The people behind your coffee #1 – Dimas

The people behind your coffee #1 – Dimas

We will be starting a new series here on our blog telling you all about the stories of our producers. We hope you enjoy!

“We have owned our property since 1977 when my grandfather acquired it, but he did not work specialty coffees, nor was it mentioned. In 2001, my father took over the land and its administration in order to add more value to the coffees we produced, we started to navigate the waters of specialty coffees, since our region started to emerge in contests and the market opened more with more attractive values.
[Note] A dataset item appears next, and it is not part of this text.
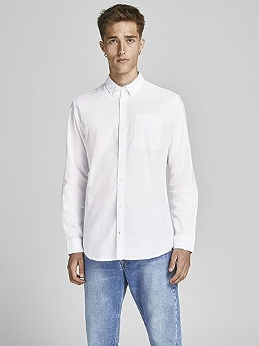 Jack & Jones JJEOXFORD Shirt L/S S21 Noos Camicia, White/Fit: Slim Fit, S Uomo

In 2008 (at the end of my degree in business at UFV) I started to help him, planning our expenses and revenues in order to have historical data on our crops, management and productivity.

It was only in 2015 that my story started, I took over the management of our property after spending a good part of 2014 taking courses in the area of ​​coffee growing and improving myself in courses, fairs, business tables and so I got involved, meeting people, movements, associations, entities, a whole wide cyclical chain that involves coffee, targeting the specialty coffees, our current focus.
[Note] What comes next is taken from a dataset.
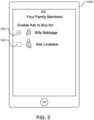 Referring toFIG. 5, there is illustrated one embodiment of ascreen 500 configured to enable the family organizer to selectively control the application of a real-time purchase approval process for each individual family member. In the illustrated embodiment ofFIG. 5, the feature is designated as "Ask to Buy" as shown. Each family member associated with the family account is listed along with acontrol 502. In the illustrated embodiment, by default the real time purchase approval process is enabled for the accounts of child family members, and disabled for the accounts of adult family members. Generally, the real-time purchase approval process causes a real time notification to be sent to thecomputing devices 100 of one or more adult family members when a child family members is about to make purchase of digital content from themedia server 202,apps server 204, ore-book server 206. The notification provides the adult family member with information identifying the digital content being purchased, and enables that adult family member to approve or decline the purchase (or defer the decision until a later time). This process is synchronous in that the purchase operations started on thecomputing device 100B of the child family member are dependent for completion on the approval of the adult family member via that member'scomputing device 100C.

Our farm is located in the municipality of Araponga, in the region of Matas de Minas. A region perfectly prepared and adapted for the production of specialty coffees, climate, soil, relief, everything converges to excellence in the production of beans.

We cultivate 44ha of coffee at altitudes ranging from 1000 to 1250m of the Catuai and Bourbon varieties, with an average production of 1500 bags / year. We have a staff of 9 exclusive collaborators for the coffee activity, with a total focus on quality coffee, seeking to make a programmed management of our crops, drying and storing with controlled temperature, and evaluating the quality in the coffee tasting.

We have a mission that is: Produce with environmental and financial sustainability, using the improving business management techniques and good cultural practices, providing quality of life and satisfaction of the final consumer; and one objective: To be recognized as a model of agricultural enterprise, with innovations in the improvement of processes and environmental responsibility in all links of our productive chain that results in success.

With that well defined and understood, we were able to see our way and move on, with a final purpose, which would be the best coffee possible.

We have some characteristics and specificities that I observe comparing with other properties of the groups with which we are associated. We built within our property a maintenance structure for machinery and equipment (mini workshop) that addresses almost 90% of our problems with machine wear and parts replacement.

We have among the 9 collaborators, sons-in-law with father-in-law, children with parents, grandparents with grandchildren, all working in harmony in an extremely pleasant and familiar environment, which makes me leave the city (Viçosa) to go to the farm (Araponga ), 50km away, feel at home. We also have 128ha of native forest and 11 springs preserved within our property, justifying the name of the region. Our harvest is 100% manual, employing 10 to 30 people in the harvest period. We are members of 2 associations: ASCA (Araponga Specialty Coffee Association) and UpCafé Matas de Minas. We are aiming to show the quality of Araponga coffees by bringing together producers who focus on quality, and also in order to commercialize quality coffees in the region and negotiate inputs for group coffee activity, consolidating good partnerships.”